In this commit you have all what is needed to setup a working zebra DB in Unimarc :
* collection.abs is UNIMARC specific and must be rewritten for MARC21, in marc21 directory
* pdf.properties is to be copied unmodified in the marc21 directory (can also be put somewhere else)
* rebuild_zebra.pl is SLOW, but 1 step reindexing tool, using ZOOM
* rebuild_zebra_idx is FAST, but 2 step reindexing tool, and does not use zebra. run it, it will create all biblios XML files in /zebra/biblios directory, then zebraidx update biblios in your zebra directory
* zebra.cfg is the zebra config file ;-)
* test_cql2rpn.pl is a script that will query the database and show the results.
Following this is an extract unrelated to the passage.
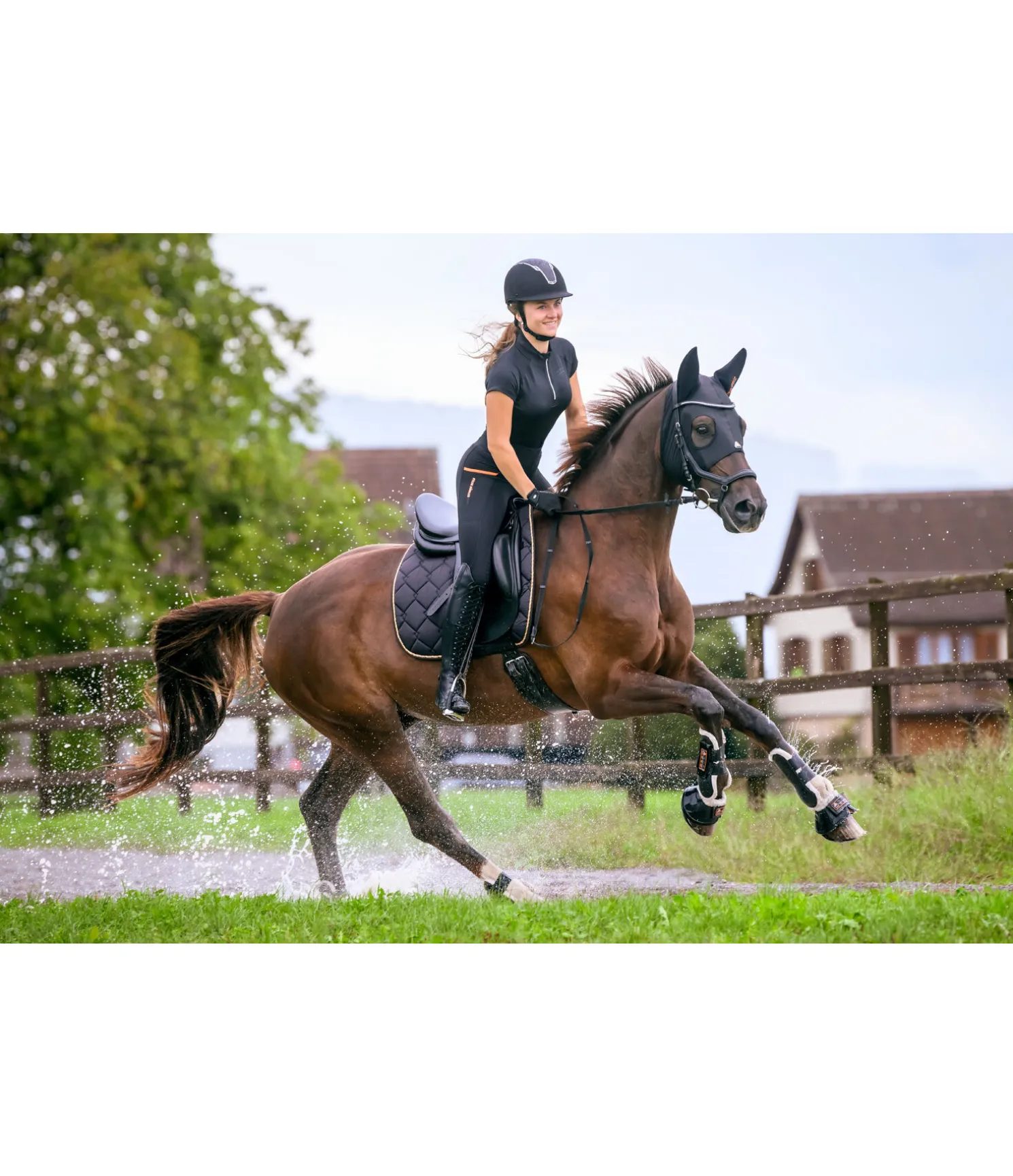 Masque élastique, moulant et particulièrement fin à enfiler sous le bridon. Facile à enfiler sur la tête, sans fermetures gênantes. Avec fibres de céramique stimulant la circulation sanguine et ainsi soulageant les tensions, ayant aussi un effet positif sur la capacité de concentration et donc sur les performances. La partie des oreilles est faite de caoutchouc chloroprène. Cela réduit le bruit de fond pour le cheval et peut ainsi avoir un effet relaxant. Nous déconseillons aux femmes enceintes ainsi qu’aux animaux en gestation l’utilisation des articles contenant des fibres de céramique. 65 % polyester, 10 % élasthanne, 25 % caoutchouc styrène-butadiène. Remarque: ce masque est autorisé pour les concours nationaux officiels et en course.

Works for me, just change the query at the beginning to get answers you expect.
What has to be done :
* benchmarking : it seems the zebraidx update is faster than lightning (400biblios/sec : 10 000biblios in 25seconds), while ZOOM indexing is slow (something like 25biblios/second) More benchmarking could be done.
* completing collection.abs for UNIMARC. I'll take care of it.
* modifying Biblio.pm to use ZOOM instead of the "zebraidx through exec" running actually. I'll take care of it also.
* modify the search API & tools & screens. I'll let the ball to someone else (chris ?) for this. I agree SearchMarc.pm can be dropped and replaced by something else (maybe a new-and-clean Search.pm package)
Seems not to break too many things, but i'm probably wrong here.
at least, new features/bugfixes from 2.2.5 are here (tested on some features on my head local copy)
- removing useless directories (koha-html and koha-plucene)